Are Hourly Rates ‘Good Reason’ To Depart From A Costs Budget
Recently, Deputy Master Campbell in RNB v London Borough Newham  EWHC B15 (Costs) gave his views on whether Hourly Rates constituted a ‘good reason’ to depart from a Costs Budget. The decision is currently being appealed.
In this White Paper, members of the Senior Team from Civil & Commercial Costs Lawyers debate the issue - Costs Lawyer Tom Mason puts forward his arguments against the decision, Ashley Tezoo defends it, and James Fairclough provides his view of where he thinks the Court of Appeal will go.

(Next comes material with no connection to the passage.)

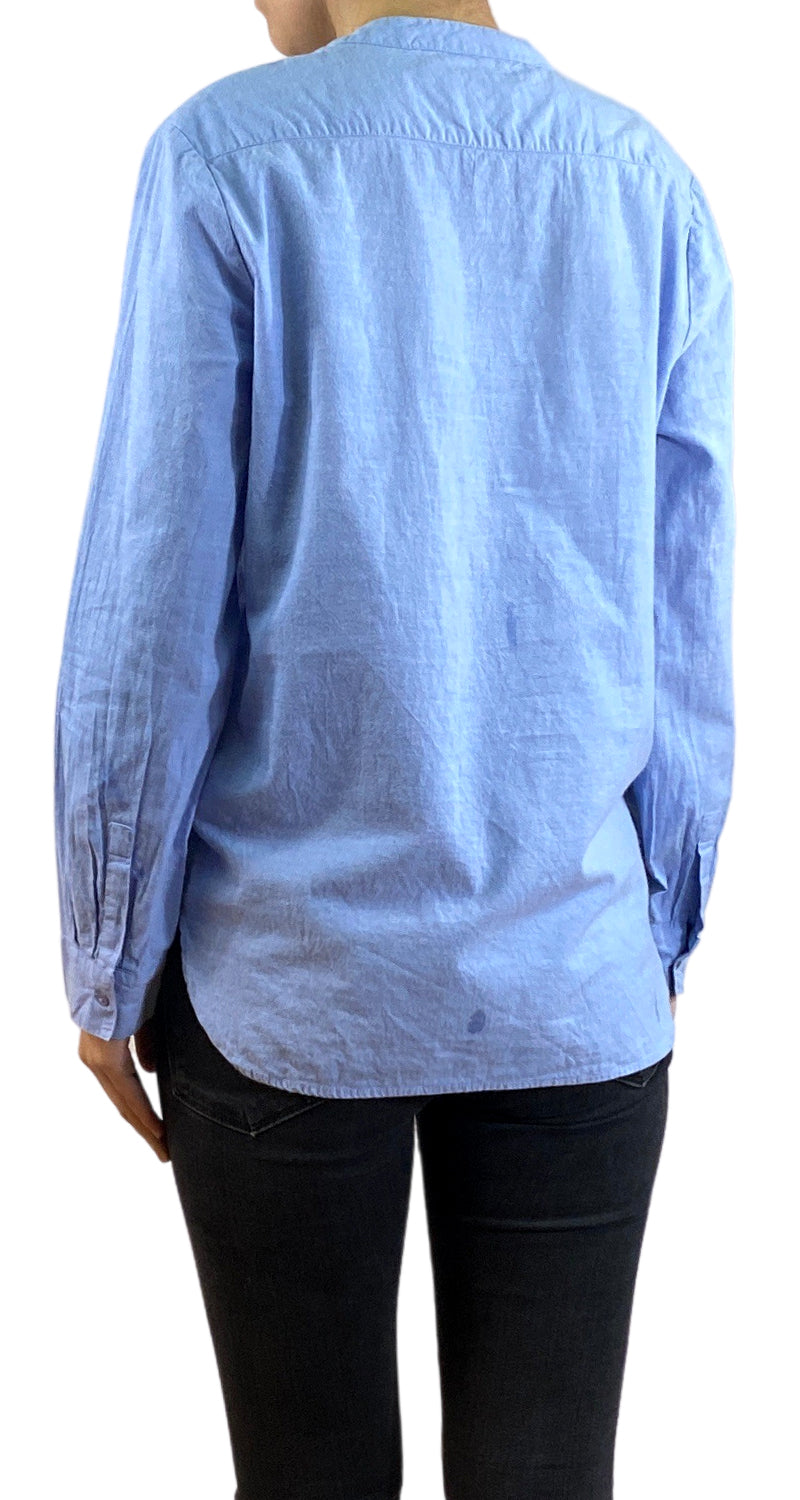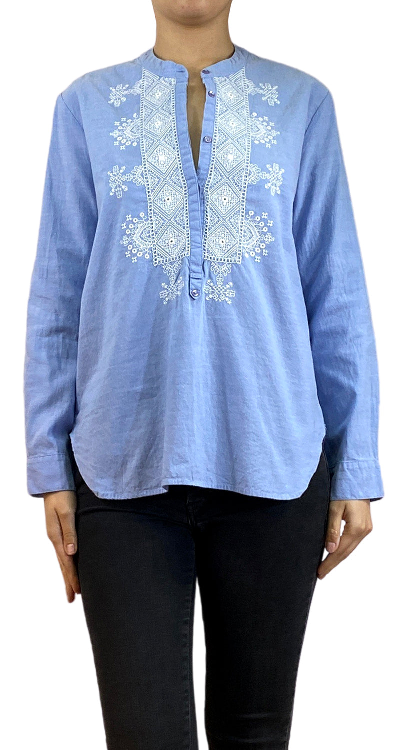 Camisa color Azul con bordado color Blanco en delantero y botones.

The Case Against - Hourly Rates Not A 'Good Reason' To Depart From A Costs Budget
In this case, Deputy Master Campbell was in “no doubt” that the hourly rates allowed for the incurred costs should be reflected in the budgeted costs. It is submitted that such an unequivocal answer is not discernible from the rules; there is a four way conflict between CPR 3 PD 7.10 & PD 7.3, CPR 3.18 and CPR 44.3(5).

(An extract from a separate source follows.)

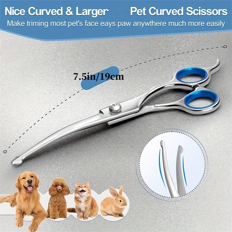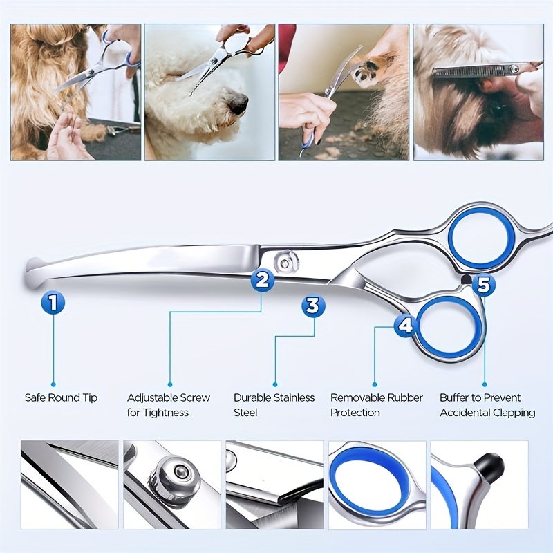 These pet grooming scissors are designed for controlled trimming and grooming of pet coats. The round-tip design helps reduce accidental pokes during close work. Stainless steel construction supports consistent cutting and routine cleaning. An ergonomic handle shape is intended to improve grip and control during use.

The Deputy Master’s reasoning was that if the hourly rates were not reflected in the budgeted costs that would allow the Claimant to recover an hourly rate, post budget at a level that exceeded the figure considered reasonable and proportionate for the pre-budget stage. He determined this to be a ‘good reason’ to depart from the approved costs budget. It is difficult to reconcile his reasoning with the explicit wording of PD 7.3. The Court has already considered the budgeted costs to be reasonable and proportionate. In doing so the Court has considered the constituent elements of the total figure. The hourly rates, being a constituent element, have therefore been considered to be both reasonable and proportionate and should not have been reduced further at Detailed Assessment. The use of the word “good” in CPR 3.18 clearly creates a reasonably high threshold for a reason to depart from the approved costs budget. It is submitted that hourly rates fall some way short of being a good reason to depart.

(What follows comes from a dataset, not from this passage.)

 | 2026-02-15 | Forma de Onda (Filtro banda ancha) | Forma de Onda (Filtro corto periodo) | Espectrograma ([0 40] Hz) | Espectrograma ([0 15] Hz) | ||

As a safety net, the Deputy Master considered that if hourly rates were not considered ‘good reason’ then they were the most appropriate mechanism to apply the new proportionality test. The intention of the new ‘stand back’ approach was clearly not to apply a point at the coal face of the assessment.
The four way conflict between PD 7.10, PD 7.3, CPR 3.18 and CPR 44.3(5) can only be resolved by the rule makers. The more pressing issue for the appellate Court is some guidance on what constitutes ‘good reason’ to depart from an approved costs budget.